Saved data entries
BEGIN
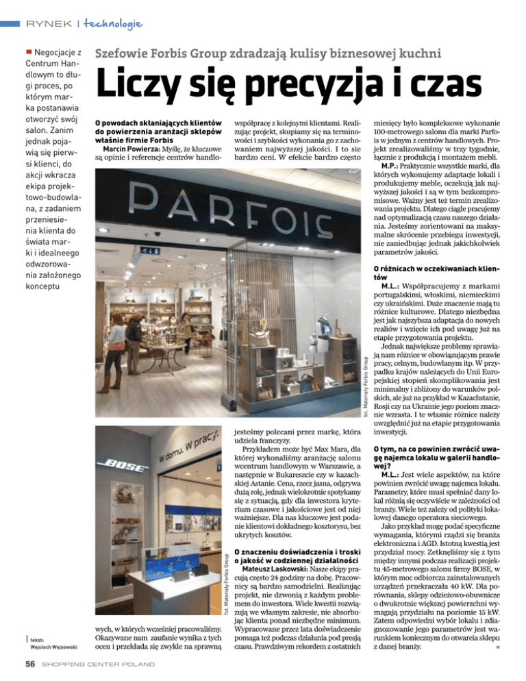 RYNEK | technologie n Negocjacje z Szefowie Forbis Group zdradzają kulisy biznesowej kuchni Liczy się precyzja i czas O powodach skłaniających klientów do powierzenia aranżacji sklepów właśnie firmie Forbis Marcin Powierza: Myślę, że kluczowe są opinie i referencje centrów handlo- współpracę z kolejnymi klientami. Realizując projekt, skupiamy się na terminowości i szybkości wykonania go z zachowaniem najwyższej jakości. I to sie bardzo ceni. W efekcie bardzo często miesięcy było kompleksowe wykonanie 100-metrowego salonu dla marki Parfois w jednym z centrów handlowych. Projekt zrealizowaliśmy w trzy tygodnie, łącznie z produkcją i montażem mebli. M.P.: Praktycznie wszystkie marki, dla których wykonujemy adaptacje lokali i produkujemy meble, oczekują jak najwyższej jakości i są w tym bezkompromisowe. Ważny jest też termin zrealizowania projektu. Dlatego ciągle pracujemy nad optymalizacją czasu naszego działania. Jesteśmy zorientowani na maksymalne skrócenie przebiegu inwestycji, nie zaniedbując jednak jakichkolwiek parametrów jakości. fot. Materiały Forbis Group Centrum Handlowym to długi proces, po którym marka postanawia otworzyć swój salon. Zanim jednak pojawią się pierwsi klienci, do akcji wkracza ekipa projektowo-budowlana, z zadaniem przeniesienia klienta do świata marki i idealneego odwzorowania założonego konceptu fot. Materiały Forbis Group jesteśmy polecani przez markę, która udziela franczyzy. Przykładem może być Max Mara, dla której wykonaliśmy aranżację salonu wcentrum handlowym w Warszawie, a następnie w Bukareszcie czy w kazachskiej Astanie. Cena, rzecz jasna, odgrywa dużą rolę, jednak wielokrotnie spotykamy się z sytuacją, gdy dla inwestora kryterium czasowe i jakościowe jest od niej ważniejsze. Dla nas kluczowe jest podanie klientowi dokładnego kosztorysu, bez ukrytych kosztów. | tekst: Wojciech Wojnowski 56 wych, w których wcześniej pracowaliśmy. Okazywane nam zaufanie wynika z tych ocen i przekłada się zwykle na sprawną Shopping Center Poland O znaczeniu doświadczenia i troski o jakość w codziennej działalności Mateusz Laskowski: Nasze ekipy pracują często 24 godziny na dobę. Pracownicy są bardzo samodzielni. Realizując projekt, nie dzwonią z każdym problemem do inwestora. Wiele kwestii rozwiązują we własnym zakresie, nie absorbując klienta ponad niezbędne minimum. Wypracowane przez lata doświadczenie pomaga też podczas działania pod presją czasu. Prawdziwym rekordem z ostatnich O różnicach w oczekiwaniach klientów M.L.: Współpracujemy z markami portugalskimi, włoskimi, niemieckimi czy ukraińskimi. Duże znaczenie mają tu różnice kulturowe. Dlatego niezbędna jest jak najszybsza adaptacja do nowych realiów i wzięcie ich pod uwagę już na etapie przygotowania projektu. Jednak największe problemy sprawiają nam różnice w obowiązującym prawie pracy, celnym, budowlanym itp. W przypadku krajów należących do Unii Europejskiej stopień skomplikowania jest minimalny i zbliżony do warunków polskich, ale już na przykład w Kazachstanie, Rosji czy na Ukrainie jego poziom znacznie wzrasta. I te własnie różnice należy uwzględnić już na etapie przygotowania inwestycji. O tym, na co powinien zwrócić uwagę najemca lokalu w galerii handlowej? M.L.: Jest wiele aspektów, na które powinien zwrócić uwagę najemca lokalu. Parametry, które musi spełniać dany lokal różnią się oczywiście w zależności od branży. Wiele też zależy od polityki lokalowej danego operatora sieciowego. Jako przykład mogę podać specyficzne wymagania, którymi rządzi się branża elektroniczna i AGD. Istotną kwestią jest przydział mocy. Zetknęliśmy się z tym między innymi podczas realizacji projektu 45-metrowego salonu firmy BOSE, w którym moc odbiorcza zainstalowanych urządzeń przekraczała 40 kW. Dla porównania, sklepy odzieżowo-obuwnicze o dwukrotnie większej powierzchni wymagają przydziału na poziomie 15 kW. Zatem odpowiedni wybór lokalu i zdiagnozowanie jego parametrów jest warunkiem koniecznym do otwarcia sklepu z danej branży. n
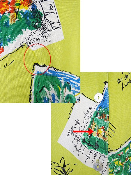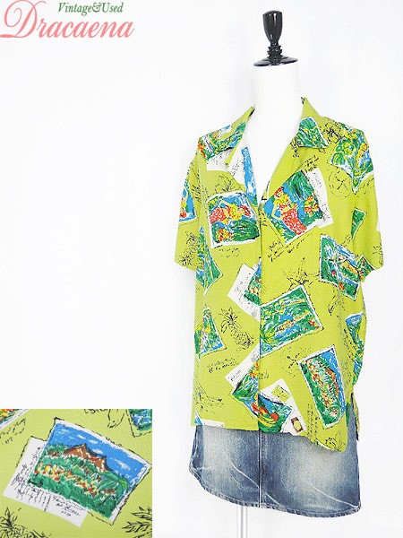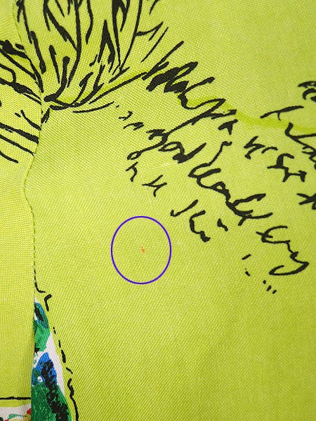 Ladies ブランド- カラー黄緑 メール便不可 コンディション★★★ 素材シルク 表記サイズS スタッフコメント右胸付近にヨゴレ。前立全体に糸引きダメージ。左胸下付近に薄いシミあり。素材の表面全体にネップあり、素材の自然な素朴な味としてご理解いただけましたらと思います。 実寸サイズ 着丈 65 cm 身幅 53 cm 肩幅 41 cm 袖丈 22 cm ※ウエスト・ヒップ以外は平置き採寸
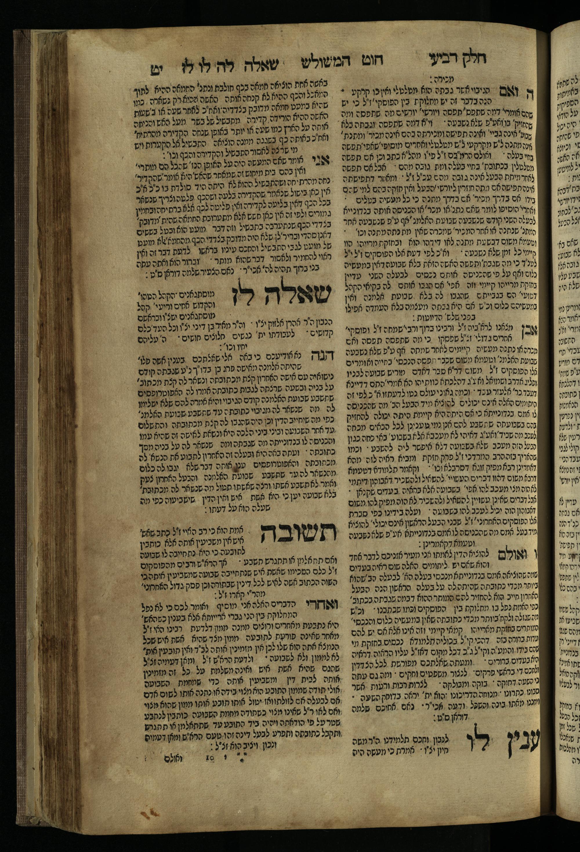 Ḥeleḳ reviʿi, ha-Ṭur ha-shelishi (1738) Ḥuṭ ha-meshulash / she-ḥiber ... Avraham ibn Ṭaṿah ... gam elu teshuvoto she-ḥiber be-koaḥ ḥokhmato ... gam hem ... ganuzim u-nishmarim ʿad ha-yom she-naʿaśu ḥeleḳ reviʿi le-sefer ha-Tashbets ... ṿe-ha-yom ha-zeh nitgalgel ha-zekhut ʿal yede ... Meʾir Ḳreśḳaś ... ben ... Netanʾel ...Ḥeleḳ reviʿi, ha-Ṭur ha-shelishi (1738) חוט המשולש / שחבר ... אברהם אבן טוואה ... גם אלו תשובותו שחבר בכח חכמתו ... גם הם ... גנוזים ונשמרים עד היום שנעשו חלק רביעי לספר התשבץ ...והיום הזה נתגלגל הזכות על ידי ... מאיר קרשקש ... בן ... נתנאל ...
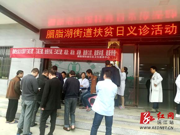 开展扶贫日义诊活动。街道卫生院公卫科的数十名医护人员免费为前来参与义诊的贫困群众进行一般体格检查和常规辅助检查,并耐心解答群众的询问,充分发挥医疗救助在保障和改善民生以及脱贫攻坚中的积极作用,充分发挥爱心扶贫的强大力量,助力街道脱贫攻坚。
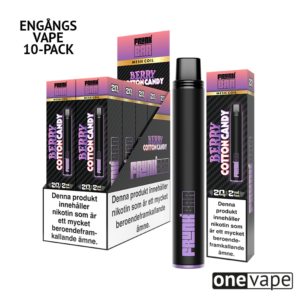 Beskrivning av Frunk Bar Mesh Engångs Vape - Berry Cotton Candy (10-Pack)
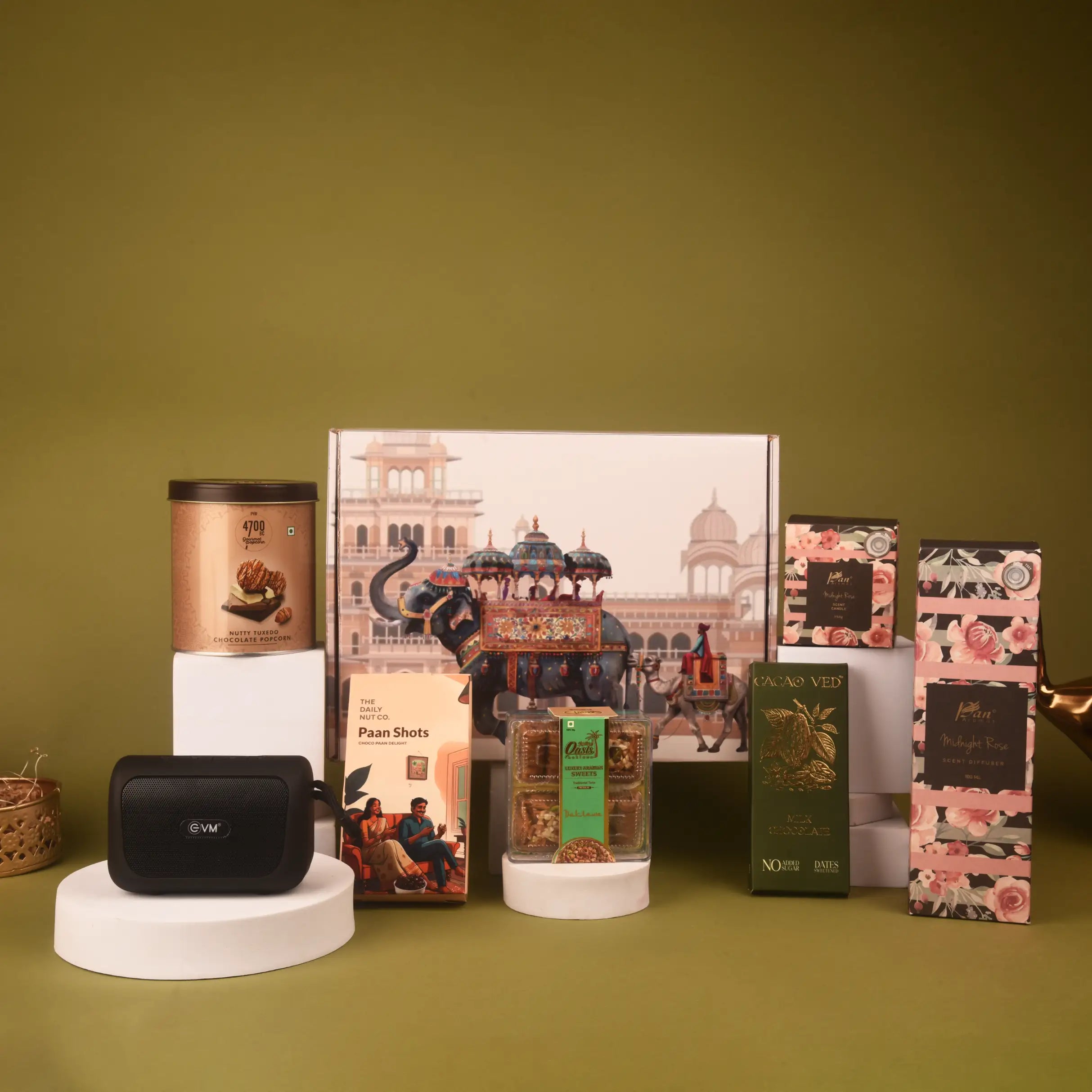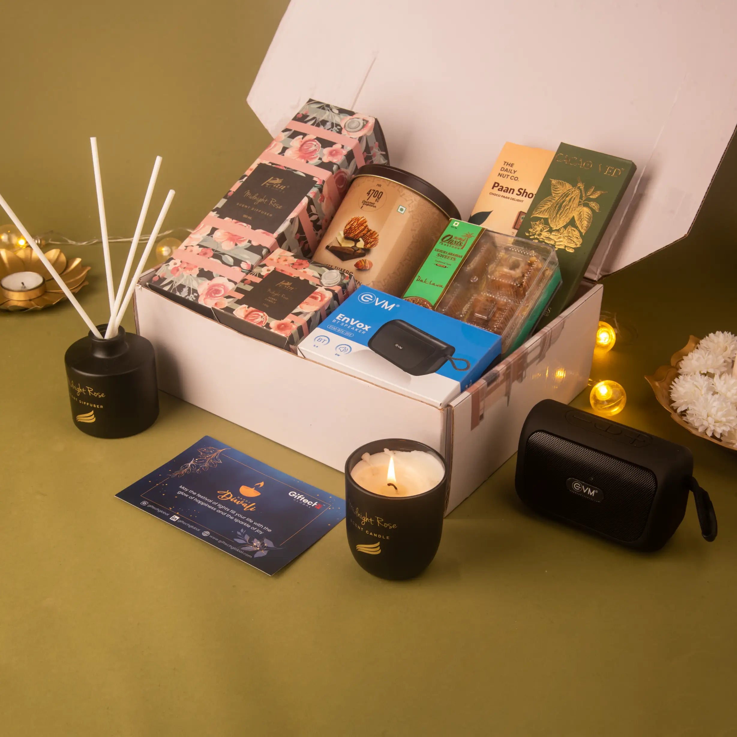 The Beats & Bytes Hamper is a unique blend of modern tech and festive indulgence, thoughtfully curated for celebrations that go beyond the ordinary. Pairing an Envox Bluetooth speaker with handpicked gourmet treats, this festive hamper is designed to delight both the senses and the spirit. Imagine enjoying premium baklava, paan shots, and artisanal milk chocolate while music plays in the background, creating the perfect festive mood. Enhanced with the calming fragrance of a rose diffuser and candle, this hamper creates an atmosphere of joy and serenity. Perfectly suited as one of the most versatile Diwali hampers, it balances indulgence with ambiance, making it ideal for personal gifting or corporate Diwali gifts that leave a lasting impression.
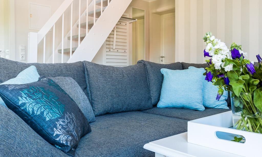 In der Maisonette-Wohnung erwartet dich ein gemütlicher Wohnbereich mit TV- und Essbereich. Die offene Küche ist modern und funktional ausgestattet. Ein Schlafzimmer mit einem Doppelbett und ein ansprechendes Bad mit Dusche/WC befinden sich ebenfalls im ersten Obergeschoss. Vom Wohnbereich gelangst du über eine Treppe ins Dachgeschoss. Hier liegt das zweite Schlafzimmer, welches ebenfalls mit einem Doppelbett und einem zweiten TV-Gerät ausgestattet ist. Die gesamte Wohnung ist liebevoll und harmonischen Farben eingerichtet. Der Seaside-Stil passt perfekt zur strandnahen Lage. Das ist Urlaubs-Feeling pur.
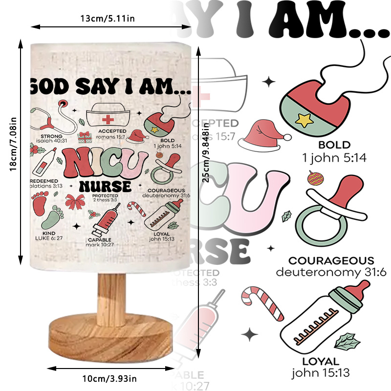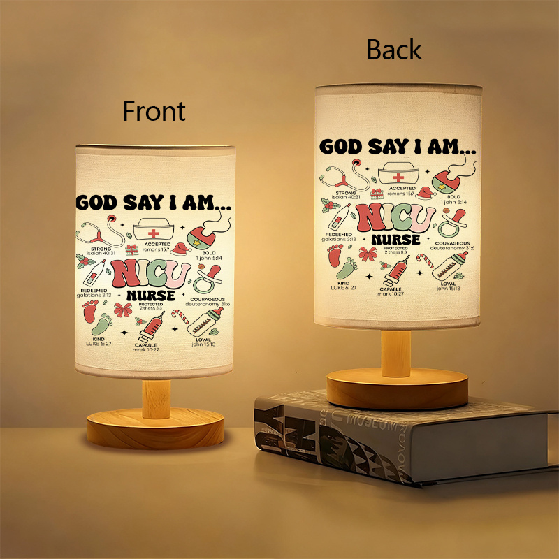 The Modern Linen Table Lamp is an indoor table lighting piece with a linen-style shade featuring “God Say I Am..” and “NICU” text with icon graphics. It supports uplight illumination for balanced room lighting, includes a light source, and uses a button switch with push-button control for straightforward operation. Designed for placement on desks, side tables, shelves, and consoles, it fits a variety of indoor spaces while adding a printed design element to the room.
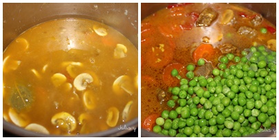 Destapamos la olla y añadimos los guisantes, dejamos cocer destapado hasta que estén tiernos tanto la carne como los guisantes.
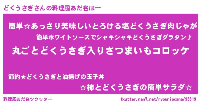 | 意味不明あだ名 | 『住所不定無職どくうさぎ(47歳)』 |
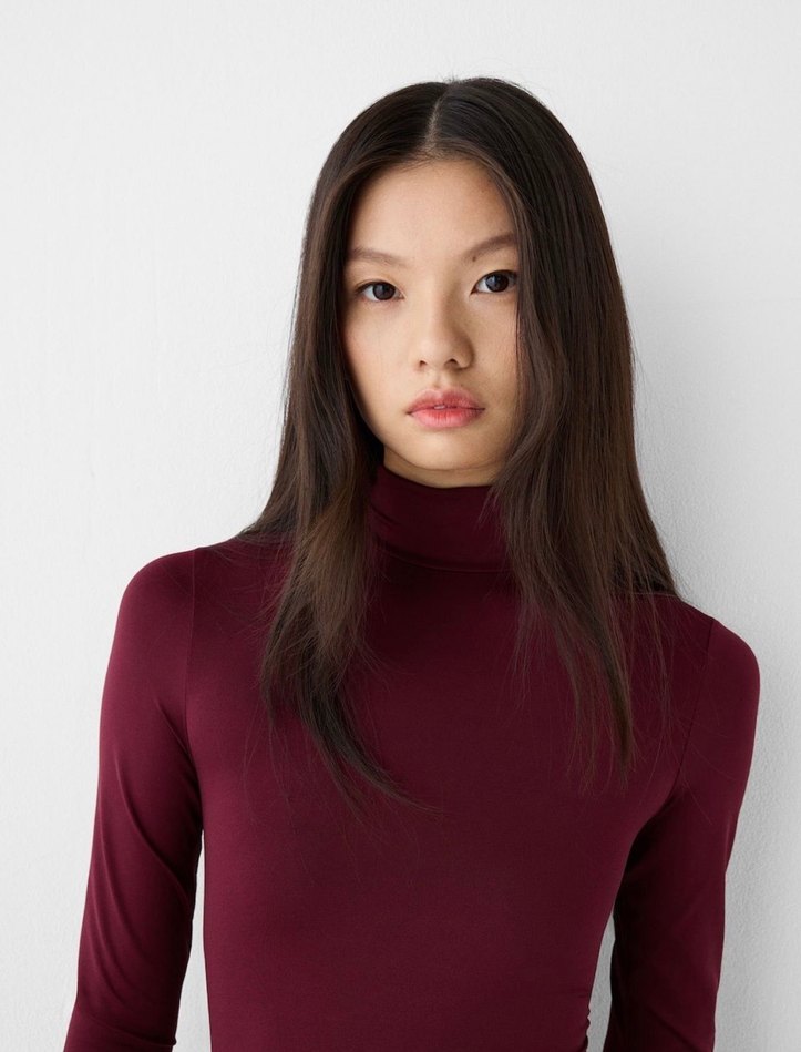 Bershka Kadın Bordo Yüksek Yakalı İnce Bluz
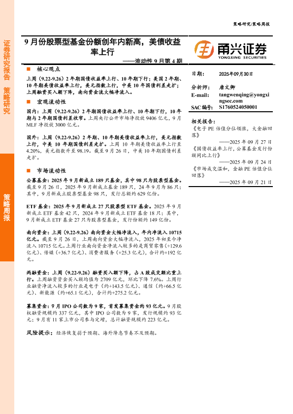 【甬兴证券】【202509】9月份股票型基金份额创年内新高,美债收益率上行-10页
END
# What needs to be done:
Starting from the line with "The Beats &" in the records above, repeat each line exactly until you have written the line with "In der Maisonette-Wohnung", then stop; drop the pictures.

# Finished task:
 The Beats & Bytes Hamper is a unique blend of modern tech and festive indulgence, thoughtfully curated for celebrations that go beyond the ordinary. Pairing an Envox Bluetooth speaker with handpicked gourmet treats, this festive hamper is designed to delight both the senses and the spirit. Imagine enjoying premium baklava, paan shots, and artisanal milk chocolate while music plays in the background, creating the perfect festive mood. Enhanced with the calming fragrance of a rose diffuser and candle, this hamper creates an atmosphere of joy and serenity. Perfectly suited as one of the most versatile Diwali hampers, it balances indulgence with ambiance, making it ideal for personal gifting or corporate Diwali gifts that leave a lasting impression.
 In der Maisonette-Wohnung erwartet dich ein gemütlicher Wohnbereich mit TV- und Essbereich. Die offene Küche ist modern und funktional ausgestattet. Ein Schlafzimmer mit einem Doppelbett und ein ansprechendes Bad mit Dusche/WC befinden sich ebenfalls im ersten Obergeschoss. Vom Wohnbereich gelangst du über eine Treppe ins Dachgeschoss. Hier liegt das zweite Schlafzimmer, welches ebenfalls mit einem Doppelbett und einem zweiten TV-Gerät ausgestattet ist. Die gesamte Wohnung ist liebevoll und harmonischen Farben eingerichtet. Der Seaside-Stil passt perfekt zur strandnahen Lage. Das ist Urlaubs-Feeling pur.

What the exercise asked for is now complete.